With both, I reckon you need to do an intro course or have an experienced person there to show you how it is done -- to get correct speed, penetration, safety and minimize warp. Those stress tests are fun to do.

In terms of safety, it's amazing how those Chinese workers do ARC with a garbage bag and sun glasses. You may as well rub your eyes with 100 grit sand paper.
 
#15
Yeah blowing holes in the steel is fun too! When I first started -- after the chook poo stage -- I thought my weld was going very well, I took the mask off and I blew a hole through the steel and managed to weld the project to the metal table. Come a very long way since though.

With both, I reckon you need to do an intro course or have an experienced person there to show you how it is done -- to get correct speed, penetration, safety and minimize warp. Those stress tests are fun to do.

In terms of safety, it's amazing how those Chinese workers do ARC with a garbage bag and sun glasses. You may as well rub your eyes with 100 grit sand paper.
Ha ha you bring back memories,Even when i was in trade school (carpentry) we had to make a sliding door,like do your frame first etc etc,I was in my early 20;s then and you had 2 young dudes just turned 16 (no brains etc etc)...Anyway it come to put the architrave near the floor on and they used 3" nails to put it on....They were wrapped and the teacher comes over when they reckoned they'd finished and tries to open the sliding door....:eek::eek: They'd put the nails straight through the architrave and the door nailing it up against the inside frame,so no slidey...The whole classed couldn't gather themselves for hours.It was a good laugh..

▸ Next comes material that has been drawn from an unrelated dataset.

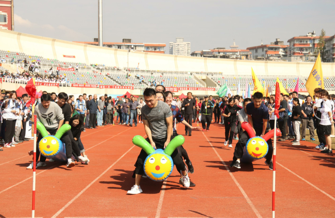 天公作美,昨天还是阴雨绵绵,今天却艳阳高照,仿佛为大家的运动热情所感染。第一个项目是迎面接力,盖书记手持发令枪,随着一声枪响,老师们一个个如离弦之箭,飞奔在跑道上,比速度,比配合,也比精神。有的老师因速度过快,不慎摔倒,但并未放弃,迅速爬起,全力赶拼,将接力棒交到队友手中,体现了顽强拼搏、团结协作的精神。经过一番角逐,行政一一马当先,夺得第一,材料系、经贸分院名列第二、第三。奋勇争先项目开始了,各队派出四名队员,骑在蓝色的巨型毛毛虫身上,迈着整齐的步伐,奋力前进。最后人文系拔得头筹,设计分院、汽机分院名列第二、第三。齐心协力重在队员之间的配合,有些队伍配合默契,喊着口号,步伐一致,顺利到达终点,有的队伍则稍有不慎,摔得人仰马翻,只得重整旗鼓,继续前进。成教学院在此项目中夺得第一,行政二、电子系名列第二、第三。

I was in China just before the Olympics and we were down south in Guilin...They were prettying the place up for the Olympic visitors,although it didn't need it because its a lovely place anyway..A mate and i walk past some workers down near the river,they all had bare feet,using a big angle grinder,no safety specs,hearing plugs,gloves etc etc...Anyway we watch the guy give the off-cut to the mig welder dude that had no safety gear either,apart from his straw hat (it was about 38 degree's) when he was to weld the angle in place he grabbed the mig and used his straw hat too shield from the flash :eek::eek:,We couldn't believe it....And how can you compete with that...

Cheers
 
#16
Gas MIG is great in a windless environment such as a workshop. ARC is great anywhere when you build up your skill with it. An ARC welder is more compact and would be easy to take to a mates place to weld something for him or just drag out into the yard to weld something on your rig. Don't get caught by the cheapest units on the market. There are a lot of good quality ARC welders to be found at an affordable price. I find an inverter unit is the go for what I do. I quite often find myself hanging off a catwalk 10 meters in the air welding upside down and a larger unit is just not practical. The biggest secrets are - Preparation of the area to be welded - Use the right rods - Use quality rods - Make yourself comfortable. It's very hard to get a good weld if you are off balance or shaking.
 

03hilux

4x4 Earth Contributer
#17
I do a lot of welding in my job and agree that a gasless MIG is a waste of time. If you have no experience in welding get someone else to do the job. Gas MIG welders are expensive. An ARC welder is much more affordable and you can buy quite compact units these days. They are a worthwhile addition to any shed. Maybe if you get some instruction in the use of an ARC welder and practice on smaller jobs until you become more proficient.
The reason for my original question is I have a CIG 185? gas/gasless trolley unit, ( set up for gasless atm for rust work on an old car)and my old man is a die hard ARC welding fan. I was talking about making some sliders and rebuilding my trailer, and he got me thinking.
I intend on using the GAS MIG for both, but, as i dont do alot of welding and the old man has been of the tools for 10 years, I wanted to know "modern" advice.
Thanks all for you time and the input.